> TASK ITEM: Pictures are to be skipped. Retype exactly the lines from the top of the material through the one with "Singer (luultavasti) ompelukoneen", and only those.

> SUPPLIED RECORDS:
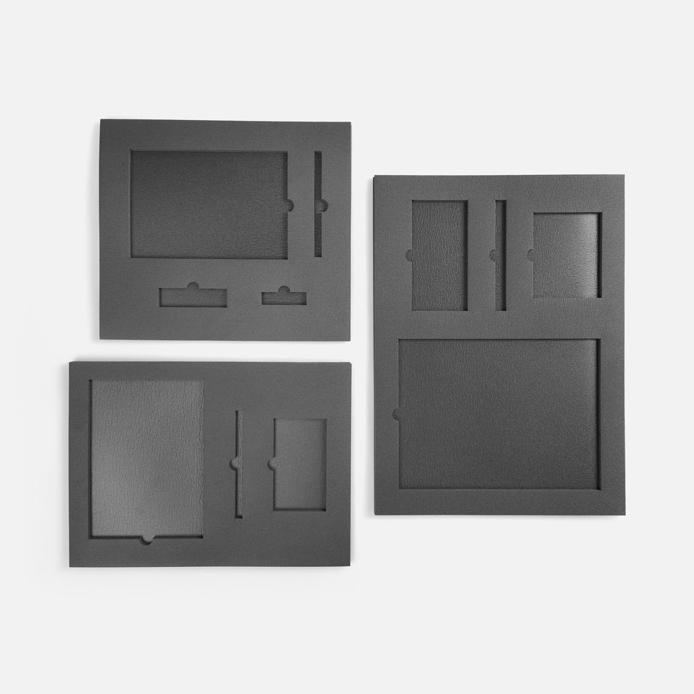 Точность исполнения ложемента и качественные материалы превратят обычную коробку в стильный презентационный кейс. С ложементами Slim ваш подарок будет выглядит аккуратно и продуманно. Это не просто упаковка — это финальный штрих, который делает любой набор запоминающимся подарком.Ложемент, изготовленный из материала Izolon 500 черного цвета, представляет собой многослойную конструкцию, состоящую из нижнего слоя толщиной 5 мм и верхнего слоя толщиной 10 мм. В соответствии с утвержденным макетом, проемы для размещения предметов могут быть спроектированы как в одном, так и в обоих слоях.
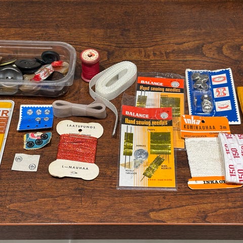 Singer (luultavasti) ompelukoneen osat ja tarvikkeet.
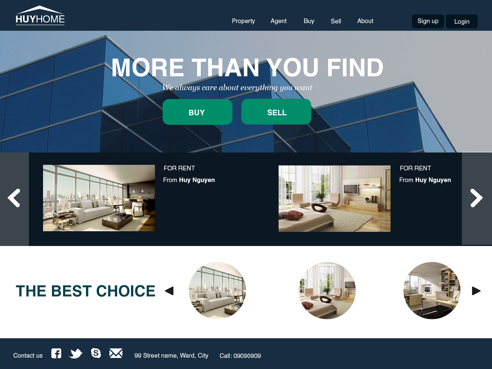 Tuy đã giới thiệu sản phẩm ở phía trên nhưng bạn nên đưa ra những đề nghị sản phẩm thích hợp cho khách hàng. Cách này sẽ sẽ giúp cho bản lập web bất động sản của bạn tương tác tốt với người xem và tăng hiệu quả bán hàng.Bạn dùng Type Tool (T) thêm Text “ THE BEST CHOICE” (Font Helvetica, Bold, 50 pt). Khởi động Ellipse Tool (U), giữ phím Shift để vẽ 3 hình tròn.
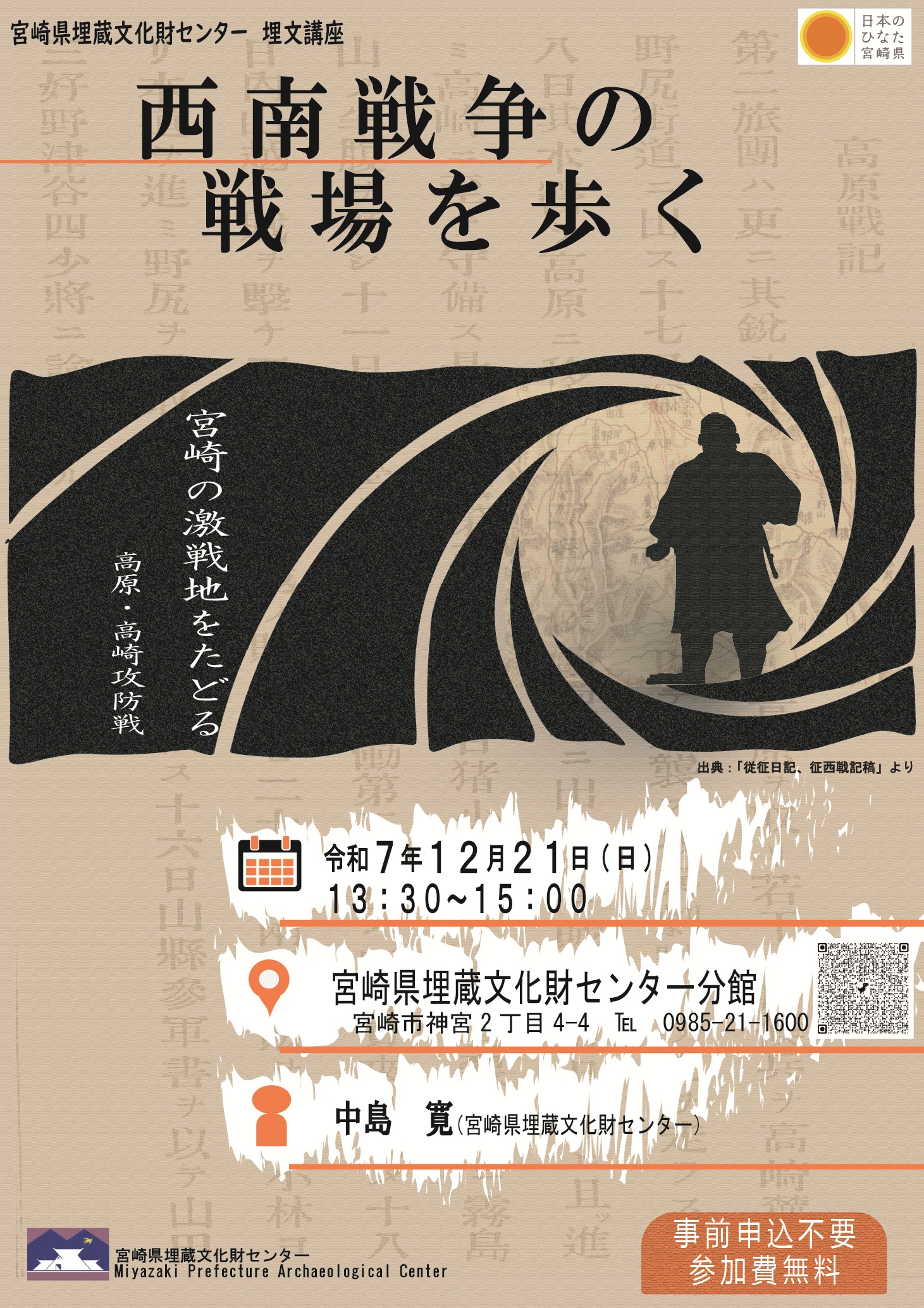 - 12月21日(日)開催 【埋文講座】「西南戦争の戦場を歩く 宮崎の激戦地をたどる」のお知らせ ( 2025.11.14 )
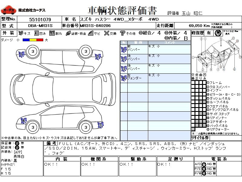 | メーカー・車種 | スズキ ハスラー 4WD_Xターボ (型式:DBA-MR31S) | ||||||||||||||||||||||||||||||||||||||||

> SOLVED PROBLEM:
 Точность исполнения ложемента и качественные материалы превратят обычную коробку в стильный презентационный кейс. С ложементами Slim ваш подарок будет выглядит аккуратно и продуманно. Это не просто упаковка — это финальный штрих, который делает любой набор запоминающимся подарком.Ложемент, изготовленный из материала Izolon 500 черного цвета, представляет собой многослойную конструкцию, состоящую из нижнего слоя толщиной 5 мм и верхнего слоя толщиной 10 мм. В соответствии с утвержденным макетом, проемы для размещения предметов могут быть спроектированы как в одном, так и в обоих слоях.
 Singer (luultavasti) ompelukoneen osat ja tarvikkeet.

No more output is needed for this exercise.